The ECB’s zero interest rate policy makes the persistently high debt levels of consumers and businesses sustainable. This debt is, therefore, no obstacle to higher consumption and investment expenditures. On the other hand, the decline in the PMI for the service sector, which was closely correlated with the change in GDP in the past, shows that growth has its limits even in the eurozone.
We assume that in Q3 and Q4 real GDP will grow at a rate of 0.5% each, which would be slightly lower than in the preceding three quarters (0.6% on average). The ECB will note today’s data with satisfaction. The strong growth will enable the central bank to make the inevitable reduction of its bond purchases in 2018 seem fundamentally justified, as strong growth will also boost inflation over the medium-term.
As per SG projections, a nine-month extension and an aggressive reduction from €60bn to €25bn. This would add €225bn to the stock of bond holdings next year. The program will remain open-ended which gives the ECB the flexibility to extend purchases again into 2019 should economic conditions warrant (too low inflation). The reduction to €25bn also deals with the increased scarcity of the bond universe. The ECB can only hold 33% of a particular bond issue on a nominal basis. The remaining bond universe amounts to €200-300bn.
The current option market pricing of 20% overnight vol in EURUSD for the October meeting (refer above table) implies a 0.84% daily spot breakeven on the day, which is closer to the upper-end of our estimated range of EURUSD spot moves between 0.5% -1.0% depending on the tapering package that the Bank announces. The degree of asymmetry in expected spot moves vis-à-vis current vol pricing is not enough in our view to motivate owning event risk premium over Thursday.
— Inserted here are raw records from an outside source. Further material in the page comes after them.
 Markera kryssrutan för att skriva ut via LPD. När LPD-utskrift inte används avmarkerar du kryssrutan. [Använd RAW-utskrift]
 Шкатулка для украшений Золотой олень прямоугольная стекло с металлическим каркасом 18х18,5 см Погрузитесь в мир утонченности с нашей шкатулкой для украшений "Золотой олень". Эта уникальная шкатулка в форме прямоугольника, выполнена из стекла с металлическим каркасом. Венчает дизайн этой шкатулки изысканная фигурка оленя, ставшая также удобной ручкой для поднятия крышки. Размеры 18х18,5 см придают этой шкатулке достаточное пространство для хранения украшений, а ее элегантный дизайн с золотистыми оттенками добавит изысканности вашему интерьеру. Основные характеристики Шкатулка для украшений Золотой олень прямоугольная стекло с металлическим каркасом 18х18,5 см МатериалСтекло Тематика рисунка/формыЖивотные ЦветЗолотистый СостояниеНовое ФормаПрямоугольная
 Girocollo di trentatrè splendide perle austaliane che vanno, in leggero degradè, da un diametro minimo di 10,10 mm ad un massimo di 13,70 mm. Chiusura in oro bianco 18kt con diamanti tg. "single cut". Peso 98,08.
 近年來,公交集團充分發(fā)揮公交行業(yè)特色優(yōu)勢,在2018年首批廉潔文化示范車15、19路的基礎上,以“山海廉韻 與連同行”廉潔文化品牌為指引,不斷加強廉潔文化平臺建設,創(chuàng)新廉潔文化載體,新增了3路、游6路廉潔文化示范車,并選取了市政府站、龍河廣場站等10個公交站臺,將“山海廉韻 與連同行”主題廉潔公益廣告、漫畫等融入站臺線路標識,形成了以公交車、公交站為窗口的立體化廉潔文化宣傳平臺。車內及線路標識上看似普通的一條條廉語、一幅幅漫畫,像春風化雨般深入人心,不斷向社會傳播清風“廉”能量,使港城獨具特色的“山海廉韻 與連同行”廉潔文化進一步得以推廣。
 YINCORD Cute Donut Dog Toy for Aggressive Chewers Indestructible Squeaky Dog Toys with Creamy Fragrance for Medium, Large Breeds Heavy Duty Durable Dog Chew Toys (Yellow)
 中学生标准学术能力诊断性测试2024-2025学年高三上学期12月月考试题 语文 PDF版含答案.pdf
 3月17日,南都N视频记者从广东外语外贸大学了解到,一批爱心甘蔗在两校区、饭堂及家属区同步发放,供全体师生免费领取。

One aspect of short-dated EURUSD vol surface pricing that does strike us as anomalous is the cheapness of forward volatility priced for after the ECB meeting.
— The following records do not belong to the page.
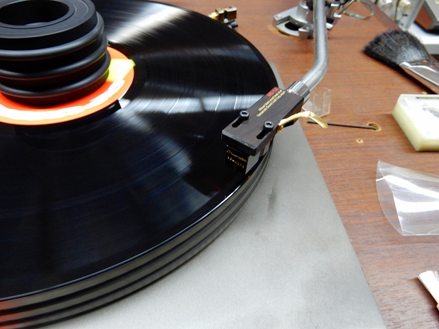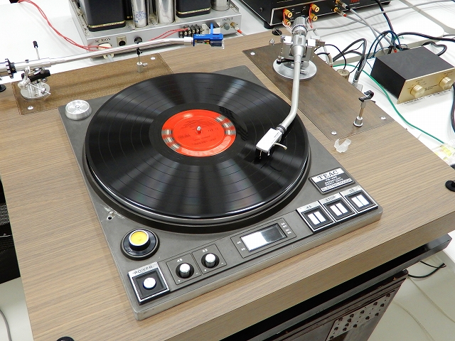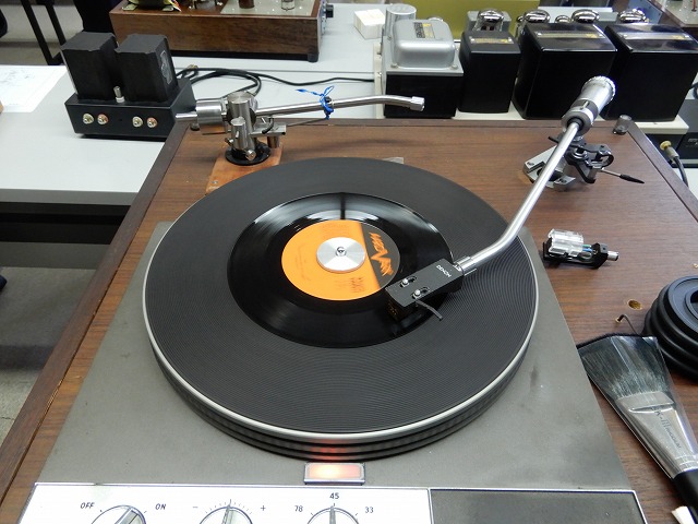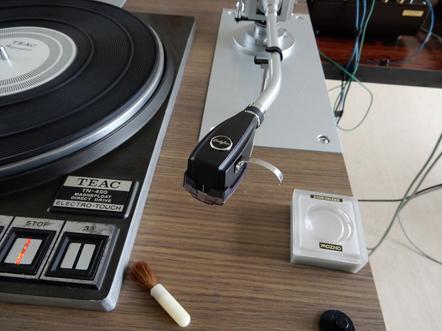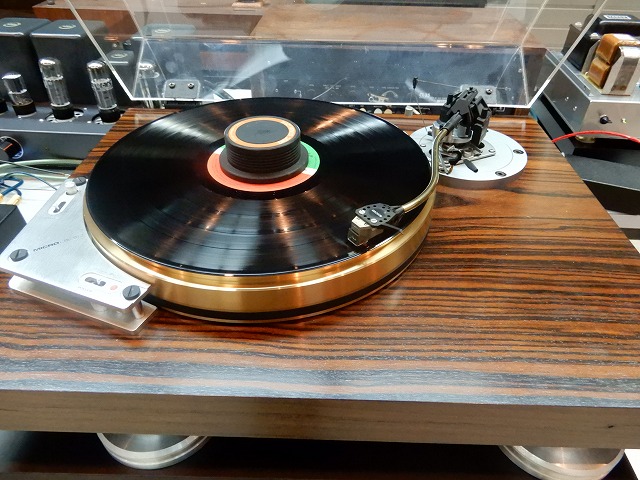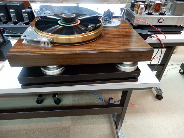 | 重量のある砲金製プラッターをゴムベルトで回します。 ドッシリと落ち着いた静かな音。カートリッジはオルトフォンMC20 下に敷いたウエルフロートが効いてます。 |
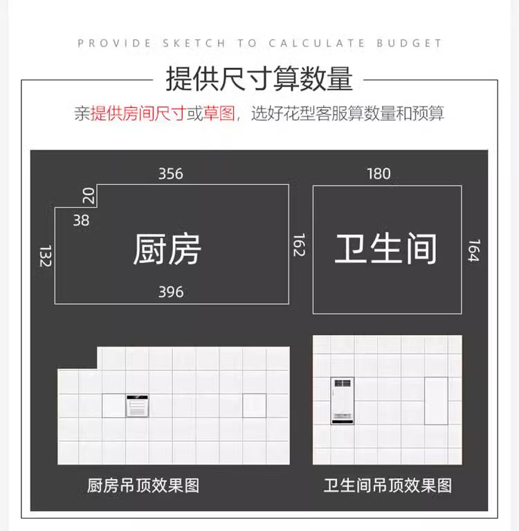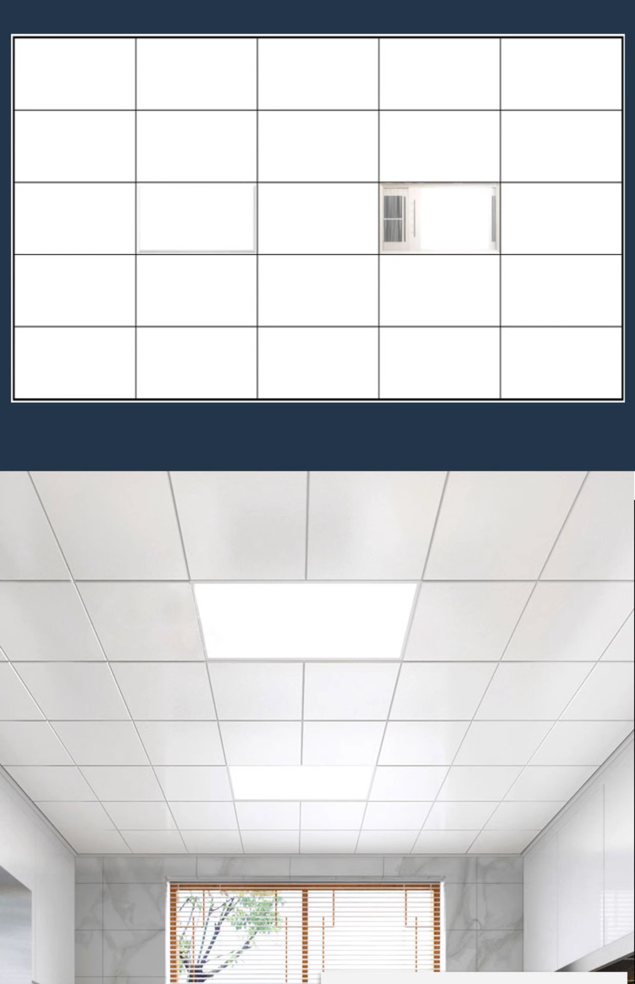 Techo integrado Techo de refuerzo de aluminio Techo de baño de cocina 300x600 conjunto completo de techo de material
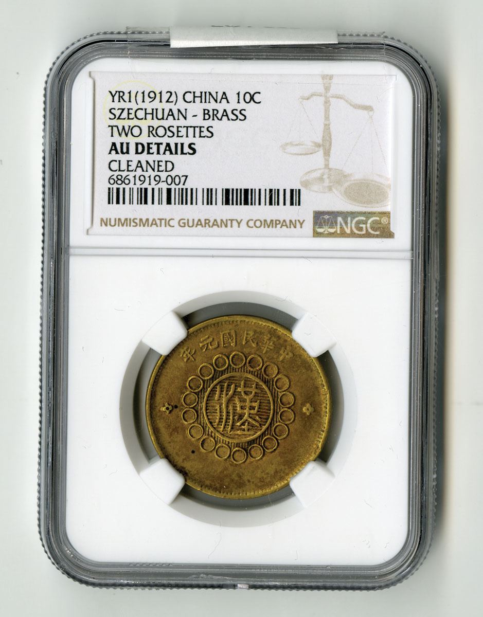 China, Szechuan Province, YR1 (1912), 10 Cash, ‘Two Rosettes’ type, Y#451; brass issue; rev. denomination; NGC AU Details (Cleaned).
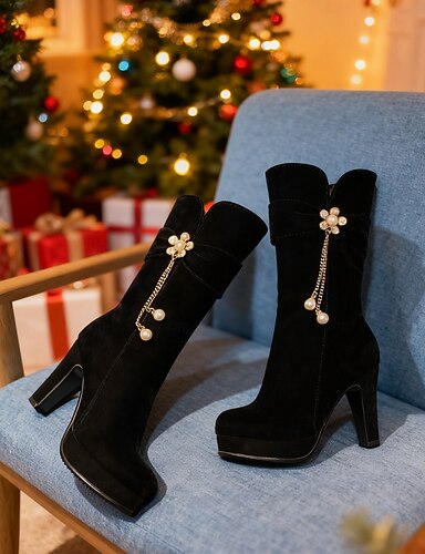 Botas femininas pretas de cano alto – botas de inverno de couro sintético com acabamento em pele sintética, laço e pingente de pérola para o Natal, festas e uso ao ar livre
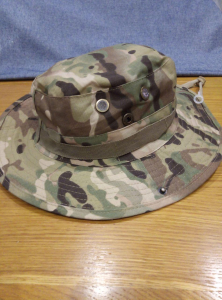 Панама з короткими крисами (шир. 6 см). За допомогою двох кнопок поля підіймаються вгору та кріпляться за типом сомбреро. Є стрічка для кріплення елементів маскування. Вентиляційні отвори. Шнур із фіксатором. Тканина РІП-СТОП, 280хб\20пэ. Забарвлення МУЛЬТИКАМ. Розміри 58-60.
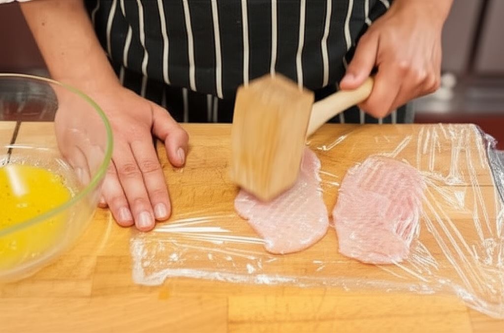 Piersi opłucz i osusz, potem przekrój każdą na pół wzdłuż, uzyskując dwa cienkie płaty. Każdy płat delikatnie rozbij tłuczkiem. By mięso nie uległo rozerwaniu, umieść je pomiędzy dwoma arkuszami folii spożywczej.

The above nutshell illustrates that the event vacuum after the October ECB is reflected in a1 vol+ rolldown of 1M ATM vols post meeting. The absolute level of the forward vol matters too: 6.1 as the forward level of EURUSD 1M ATM vol after the meeting date at the time of writing is extremely low and has rarely been reached let alone sustained judging by the history of EURUSD 1M vol in recent years (refer above chart).
Additionally, Euro spot has been realizing 6.0 -6.5% in recent weeks even in a quiet market, so there is no risk premium priced into forward vols for any unexpected dollar volatility brought about by either a re-pricing of Fed expectations or more trade/NAFTA/fiscal noises out of Washington. Owning post-ECB forward vol is therefore much better risk-reward in our view than buying the event itself.